To many legislators, raising taxes is the price that must be paid to avoid the potential draconian cuts to LSU, Southern and the other public universities and colleges.
Fannin is not the only legislative leader whose next move depends on what happens in the full House.
Senate President John Alario, R-Westwego, has been holding on the Senate floor a controversial measure approved by a Senate committee two weeks ago that would save about $600 million per year by making changes to Louisiana’s inventory tax.
“I need to see what revenues come out of the House before we can move forward,” Alario said in an interview.
He hopes House leaders won’t dawdle. “This clock will move faster than they think,” said Alario, the dean of the Legislature, with 43 years of experience.
The Legislature has until June 11 — the final day of the session — to pass the budget.

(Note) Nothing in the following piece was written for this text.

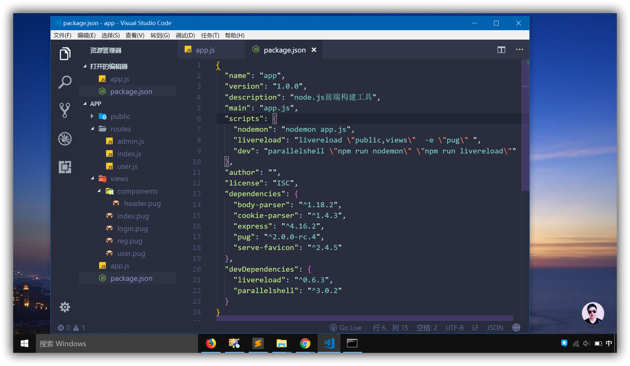 (ps:笔者的nodemon模块安装在全局,所有没有写入package.json)

A key architect of the House’s revenue-raising plans is Rep. Joel Robideaux, R-Lafayette. He has had to assume the uncomfortable role of shepherding the tax bills through Ways and Means because he chairs the committee.
On Monday, Ways and Means approved 15 of the 15 bills it voted on. On Tuesday, seven of seven. On Wednesday, four of six. Virtually all of the bills would raises taxes in one form or another.
Robideaux noted that sponsors of the various tax bills include conservative Republicans, white Democrats and African-American Democrats.
For example, Ways and Means on Monday approved a measure by Rep. Chris Broadwater, R-Hammond, that would prune the tax credit given for installing solar energy (House Bill 817). That came minutes before the committee approved a harsher version (House Bill 779) by Rep. Erich Ponti, R-Baton Rouge.
Immediately afterward, the committee approved House Bill 510 by Rep. Ted James, D-Baton Rouge, that would end the solar energy tax credit as of July 1.
On Tuesday, Ways and Means approved bills capping Louisiana’s 30 percent tax subsidy for film-makers at three different annual amounts.
House Bill 704 by Rep. Ledricka Thierry, D-Opelousas, would establish a $150 million cap. House Bill 829 by Robideaux would keep it at the current level of $226 million. House Bill 276 by Rep. Lance Harris, R-Alexandria, sought to phase out the subsidy, but it was amended instead to limit the credits to $200 million per year.
“We’re using a more inclusive strategy,” Robideaux said. “It gives us the best chance to come up with a different solution on the floor.”
Thierry and James are members of the Legislative Black Caucus, which has had little success in recent years in passing tax bills through Ways and Means.
“It’s a huge change,” James said. “The Legislature wants to take a real look at tax expenditure bills this year.”
One high-profile measure that Ways and Means deferred last week was House Bill 366 by Rep. Bryan Adams, R-Terrytown. Adams’ bill would eliminate refunds that businesses have been receiving from the state for 12 different taxes, including the inventory tax.
Adams filed the bill at the behest of Gov. Bobby Jindal, who has said the measure would save the state $526 million per year in tax breaks that the governor has labeled as “corporate welfare.”
The Legislative Fiscal Staff has complicated matters by reporting that HB366 would save only $81 million next year, with the big savings coming in future years.
Adams’ bill is now scheduled to be heard on Monday, along with 10 other bills that would raise revenue. Several of the measures would make changes to the state inventory tax, which businesses pay to local governments and then get refunds from state government for the taxes they pay to the locals.
So repealing the inventory tax — as the Senate Finance Committee voted to do two weeks ago — would save the state about $600 million per year but would cost local governments a similar amount. Legislative leaders have said they would not repeal the tax without offsetting the money that local governments would lose.